Customer intimacy…

and other value disciplines.

Highlights of a timeless article from Michael Treacy and Fred Wiersema

Click the “HBR” logo to read the post. Author information follows: Treacy & Company & Fred Wiersema.


Wisdom is timeless

Most everyone has precepts upon which they built their business and which navigate the ship. Few are at the helm of enterprises as large as Dell, Home Depot, FedEx or Johnson & Johnson. But the insight from this article holds valuable lessons for everyone.

Treacy and Wiersema had influenced me and my partners when we started in 2003. Customer intimacy is our purpose.
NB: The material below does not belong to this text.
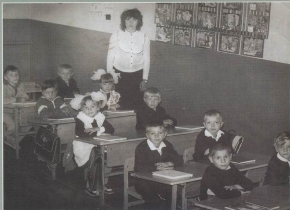
с. Семихатки, урок у першому класі, 1989 р.

Our disciplines and processes, i.e., Voice of the Customer, are focused on enabling our clients to achieve customer intimacy in their markets of choice.
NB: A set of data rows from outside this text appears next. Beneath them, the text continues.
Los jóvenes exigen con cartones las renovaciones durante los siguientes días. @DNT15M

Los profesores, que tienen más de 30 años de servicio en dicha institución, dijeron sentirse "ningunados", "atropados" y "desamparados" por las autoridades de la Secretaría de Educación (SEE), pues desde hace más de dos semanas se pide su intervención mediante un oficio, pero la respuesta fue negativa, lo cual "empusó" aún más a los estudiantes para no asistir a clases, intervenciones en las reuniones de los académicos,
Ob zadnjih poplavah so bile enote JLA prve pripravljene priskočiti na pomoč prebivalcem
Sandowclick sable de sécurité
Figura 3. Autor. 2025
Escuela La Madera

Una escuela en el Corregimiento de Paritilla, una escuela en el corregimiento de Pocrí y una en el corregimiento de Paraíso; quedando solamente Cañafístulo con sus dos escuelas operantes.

Herein, we highlight all value disciplines with emphasis on the keys to achieving customer intimacy.


Focus, focus, focus

Companies that have leadership positions narrow their business focus, not broaden it. They focus on delivering superior customer value in line with one of three value disciplines—operational excellence, customer intimacy, or product leadership. They are champions in one discipline and meet industry standards in the other two.


Consistently winning

The organizations profiled share three primary traits: 1. Creativity - in particular, recognizing and embracing ideas that originate outside the company. 2. Commercialization with speed - engineering all business and management processes for speed to market. 3. Solution orientation - relentlessly pursuing new solutions to the problems their products or services address.


Customer intimacy

Customer intimacy is segmenting and targeting markets precisely and tailoring offerings to match exactly the demands of those niches. Companies that excel in customer intimacy combine detailed customer knowledge with operational flexibility to respond quickly.


Strategic segmentation

Customer intimacy requires segmenting with great efficiency and continually tailoring products and services to fit a fine definition of the customer.

The cost of not segmenting

The demise of Sears was predictable. Plucking “Brand Central” from a quiver of random ideas, Sears shot wide of the target trying to be all things to all people and pursuing strategies that steered it away from its chosen value discipline.
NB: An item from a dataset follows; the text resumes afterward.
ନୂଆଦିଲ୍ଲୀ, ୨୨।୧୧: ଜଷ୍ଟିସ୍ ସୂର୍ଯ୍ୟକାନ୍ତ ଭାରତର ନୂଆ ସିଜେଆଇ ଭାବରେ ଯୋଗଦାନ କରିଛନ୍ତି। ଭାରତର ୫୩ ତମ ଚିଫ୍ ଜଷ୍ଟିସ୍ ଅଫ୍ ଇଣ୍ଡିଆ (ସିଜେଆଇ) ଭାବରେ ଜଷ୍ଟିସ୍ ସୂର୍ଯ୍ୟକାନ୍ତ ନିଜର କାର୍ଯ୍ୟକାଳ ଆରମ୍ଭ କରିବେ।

Customer insight informs the process to support customers and fundamental to Customer intimacy.

Voice of the customer is the process to gain Customer insight.

Communicating Customer intimacy is achieved with the Value Model.

The Value Proposition is the experience with the product or service, part journey and part destination, leading to improved outcomes. Value Messaging is the smart words to describe the Value Proposition with demonstrable evidence of the improved outcomes. Value Delivery ensures promises are kept.